Records to use section start
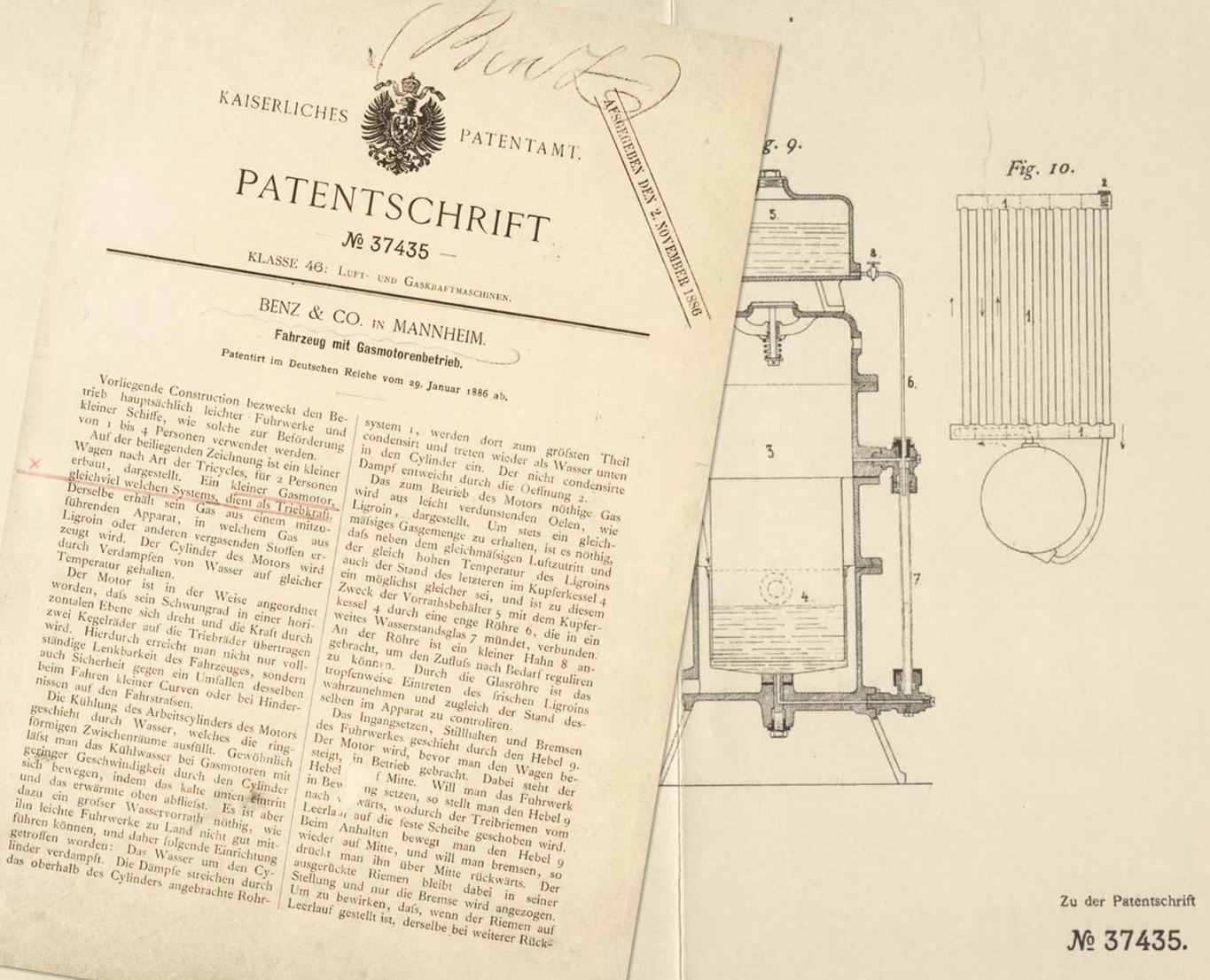 29 января 1886 года в Берлине (Германия) Карл Бенц подал заявку на получение патента на изобретённый им трёхколесный автомобиль Benz Patent-Motorwagen, который работал на бензине. Машина представляла собой двухместное транспортное средство на металлических оспицованных колёсах[2]. Она считается первым коммерчески доступным автомобилем с двигателем внутреннего сгорания[1], а выданный патент № 37435 — свидетельством о рождении первого автомобиля[3]. Этот документ включён в международный реестр документального наследия ЮНЕСКО «Память мира»[4].
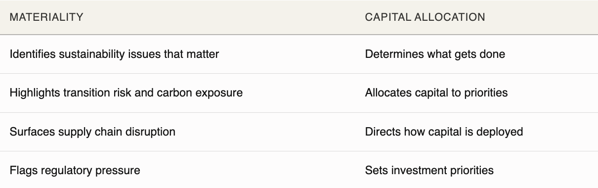 In many companies, materiality and capital allocation operate in parallel but remain disconnected.
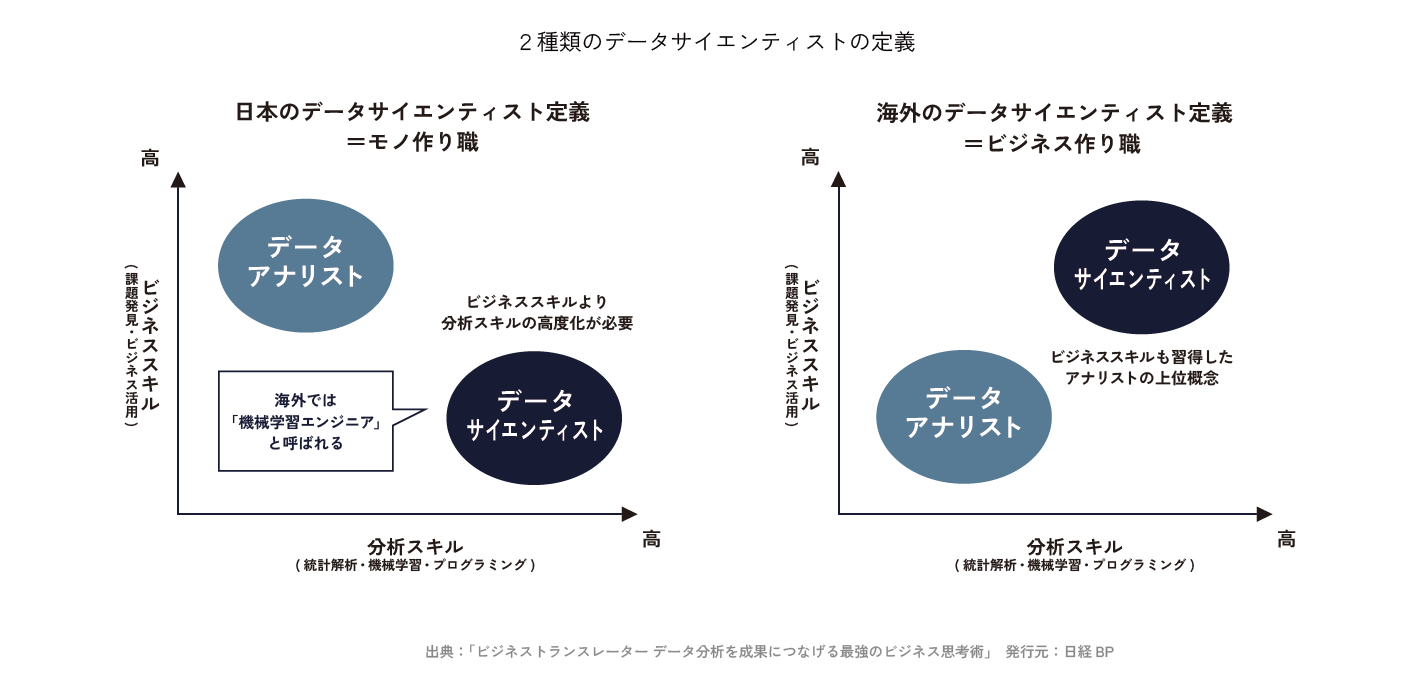 日本ではなぜか「アナリスト=ビジネス寄り」「サイエンティスト=技術寄り」と別の専門家として扱われがちです。これでは、アナリストとして入社した後のキャリアパスが見えにくくなってしまいます。
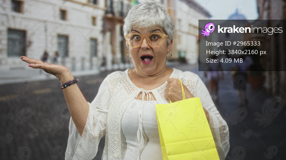 Woman with grey hair and glasses holding yellow shopping bag and showing palm up hand while smiling on a cobbled street with buildings and pedestrians; joyful discovery. - Kraken Images
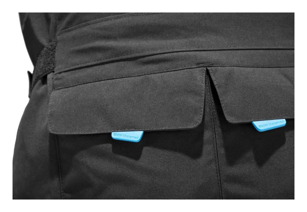 This “Plus” version of the jacket also packs a quilted thermal vest liner for added versatility. A full suite of BMW NPL impact protectors is included for the elbows and shoulders. Dual rear stash pockets at the lower back are asymmetric to organize all sizes of gear. Bright blue pull tabs make for an easy grip on the pockets and accessories. Using the jacket to pants connection zipper, the Essential Jacket can be made into a full touring suit with the addition of the BMW Essential Pants. .
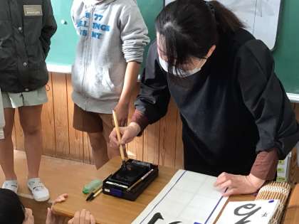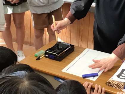 お手本に基準となる線を入れ、筆もしっかり根元まで下ろして墨汁を含ませるなど、いい字を書くために大切な準備から教えていただきました。
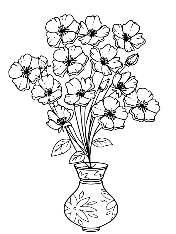 : Druckbar herunterladen Petunia Blumenvase Malvorlage
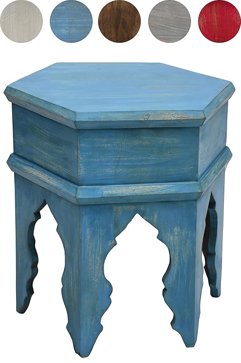 Marokkanischer Vintage Beistelltisch Hocker Aus Holz Inam Blau O 50cm Rund Orientalischer Runder Tisch Blumenhocker Klein Fur Wohnzimmer Oder Kuche
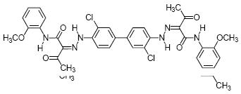 永固黄2G 一.产品名称 商品名称:永固黄2G 国际索引号:C.I. Pigment Yellow 17 CAS登记号:4531-49-1 欧共体登记号:224-867-1 产品系列:双偶氮 二.物化和牢度性能 分子量:689.54 分子式:C34H30Cl2N6O6 PH值:6.0-7.0 比重:1.6 吸油量(ml/100g):35-45 耐光性:5 耐热性:180℃ 耐水性:5 耐油性:4 耐酸性:5 耐碱性:5 三.应用领域 色光:亮绿光黄,透明 主要用于胶印墨,也可用于塑料。
Records to use section end
What you have to do: Exactly as they stand, write the lines from the one holding "Petunia Blumenvase Malvorlage" to the end of the material, both ends included. Do not copy the pictures.

Answer space:
 : Druckbar herunterladen Petunia Blumenvase Malvorlage
 Marokkanischer Vintage Beistelltisch Hocker Aus Holz Inam Blau O 50cm Rund Orientalischer Runder Tisch Blumenhocker Klein Fur Wohnzimmer Oder Kuche
 永固黄2G 一.产品名称 商品名称:永固黄2G 国际索引号:C.I. Pigment Yellow 17 CAS登记号:4531-49-1 欧共体登记号:224-867-1 产品系列:双偶氮 二.物化和牢度性能 分子量:689.54 分子式:C34H30Cl2N6O6 PH值:6.0-7.0 比重:1.6 吸油量(ml/100g):35-45 耐光性:5 耐热性:180℃ 耐水性:5 耐油性:4 耐酸性:5 耐碱性:5 三.应用领域 色光:亮绿光黄,透明 主要用于胶印墨,也可用于塑料。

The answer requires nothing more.